Consideration requires a new legal detriment or benefit. Here, the ACC members who are not Clemson or FSU are giving up part of their share but receiving no corresponding benefit. If FSU and Clemson are not required to provide additional contractual obligations (such as extending their GOR commitment), then this modification could be challenged as unenforceable under the pre-existing duty rule. There is some caselaw that supports the notion that dismissal of a lawsuit can provide the needed consideration, but I’ve never seen that for frivolous ones making ridiculous arguments like FSU and Clemson. 2. Unenforceability Without a Fully Egalitarian Structure For the modification to withstand legal scrutiny, it would need to apply in an objectively fair manner. As currently described, this fund would disproportionately benefit certain schools based on past brand value. That raises concerns under contract principles that require modifications to be based on clear, non-arbitrary standards. Ambiguous Metrics: What constitutes “brand value”? If the ACC does not define this metric in an objective and binding way, there’s room for legal disputes. Unequal Bargaining Power:If the modification results in an unbalanced structure where certain schools receive substantially more revenue without additional obligations, the conference could face future legal disputes from other schools that find themselves disadvantaged.

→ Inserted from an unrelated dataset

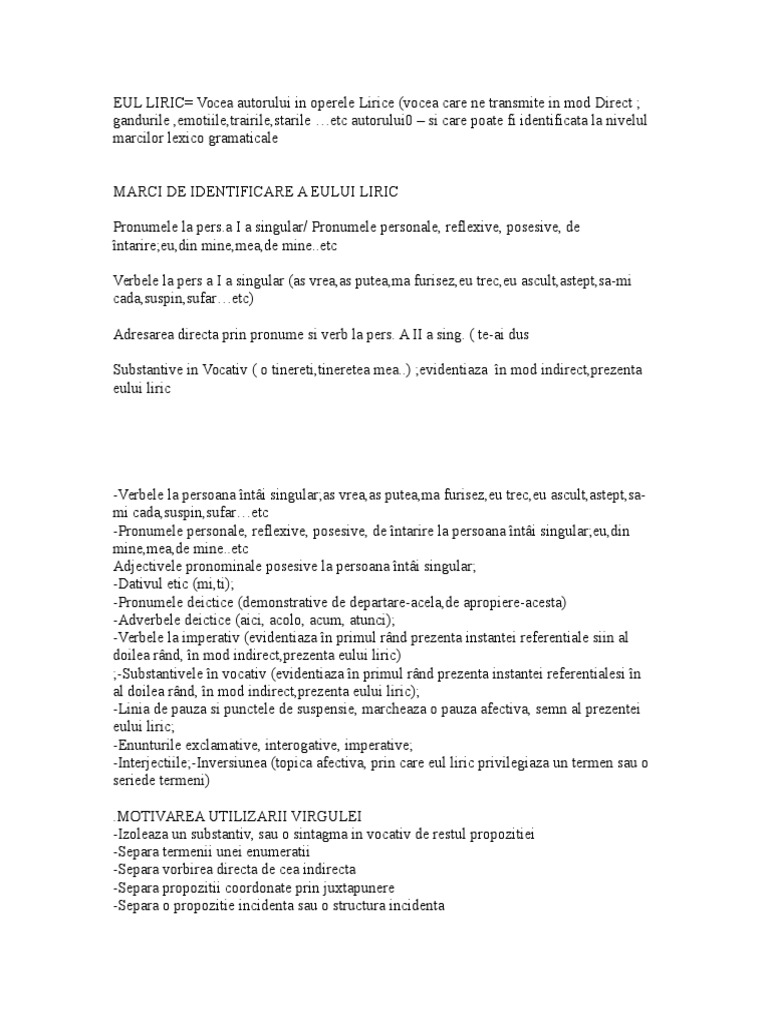 Eul liric este vocea autorului în operele aparținând genului liric și poate fi identificat la nivelul mărcilor lexico gramaticale. Adjective pronominale posesive pers. Ce sunt marcile lexico gramaticale. Eu cu parere de rau marturisesc ca am uitat.

3. The Risk of Future Litigation Rather than stabilizing the conference, this could open the door to future disputes. Schools not favored by the new distribution model—such as Wake Forest, Boston College, or even new members like Stanford and Cal—could argue that the ACC is failing in its fiduciary duty to distribute revenues equitably. Additionally, precedent matters. If FSU and Clemson can strong-arm the ACC into modifying its agreements once, what stops them—or another powerful program—from doing it again when financial realities shift? From a contract law standpoint, the ACC needs to be careful. If they’re going to modify revenue distribution in this way, they must ensure: 1. New consideration is being provided. 2. Objective, quantifiable metrics govern revenue allocation. 3. All schools have a reasonable path to qualify for additional revenue, preventing an arbitrary or unfair distribution system. Otherwise, this “brand fund” could set a precedent where the loudest, most litigious schools dictate terms—undermining the very stability the ACC is trying to preserve.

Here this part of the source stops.